4 Ways To Combat Your Late 20 Something Identity Crisis
If you’re around 29 years old and your life feels like it’s going up in smoke, it’s probably not your fault. It’s… Saturn’s. As in: the planet.
If you’re around 29 years old and your life feels like it’s going up in smoke, it’s probably not your fault. It’s… Saturn’s. As in: the planet. He’s responsible for adulthood’s trial-by-fire, and here to teach work ethic, boundaries, discipline and self-control. Anywhere between 28 and 31 (you can work it out exactly here) Saturn puts us face-to-face with our deepest fears so that we experience a sort of emotional re-birth. Basically, that “turning 30 coming-of-age-crisis”? It’s science.
Thrice in our lifetime, Saturn, a difficult taskmaster of a planet that demands you rise to his occasion, returns to the same point in our chart as it was the day we were born, after orbiting the sun once – and most people report feeling like their world has turned upside down because of it.
At about 29-and-a-half years old this happens for the first time, and is usually the beginning of some major internal upheaval. Think of Saturn as your lunch money bully – he lifts you up by the armpits, spinning you around to shake everything out of your pockets… and anything that stays behind you get to hold on to. But you might not keep what you first thought was important to you.
Saturn’s Return can be experienced as deeply negative, or wildly positive – some of it depends on your preparation, and some of it is unavoidable. Day babies tend to find the period (that can last anywhere from a few weeks to a series of months, depending on your birthday) as being more constructive than people born at night, who generally get a more tempestuous time of it.
Saturn is cruel to be kind. By breaking you down he can reveal the most necessary tools you have in order to build yourself back up, stronger and more able. Saturn is the ruler of Capricorn, the high achieving, hardest working sign in the zodiac, so that means often Saturn’s return will affect our careers, and this is the age that we often work our hardest, obsessively almost, to become who we want to be.
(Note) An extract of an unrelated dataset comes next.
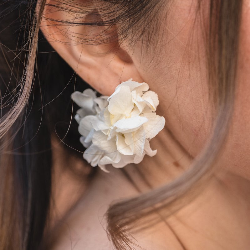 Earrings with preserved flowers, small 3 cm hoops with white preserved hydrangea, the subtle detail you were looking for to complete your look. Small but very striking!

But no aspect of your being will be left unexplored. Saturn’s Return is a warts-and-all astrological experience that there’s no escaping from.
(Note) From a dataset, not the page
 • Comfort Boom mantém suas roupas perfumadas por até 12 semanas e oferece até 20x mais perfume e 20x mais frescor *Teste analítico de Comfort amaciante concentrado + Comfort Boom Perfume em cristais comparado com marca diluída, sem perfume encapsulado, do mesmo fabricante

Saturn’s Return is the time in our lives to expect all of our “mistakes” to finally crystallize – this is a golden opportunity to learn from the punishing “growing up” years, and because Saturn is uncompromising know that if you don’t learn from your lessons, he’ll throw the same issue up again and again and again, smack-down style, until you get the picture.
Think of this bittersweet, challenging time as Life Boot camp. You’ll come out the other side stronger… but might have to cry a lot before you get there.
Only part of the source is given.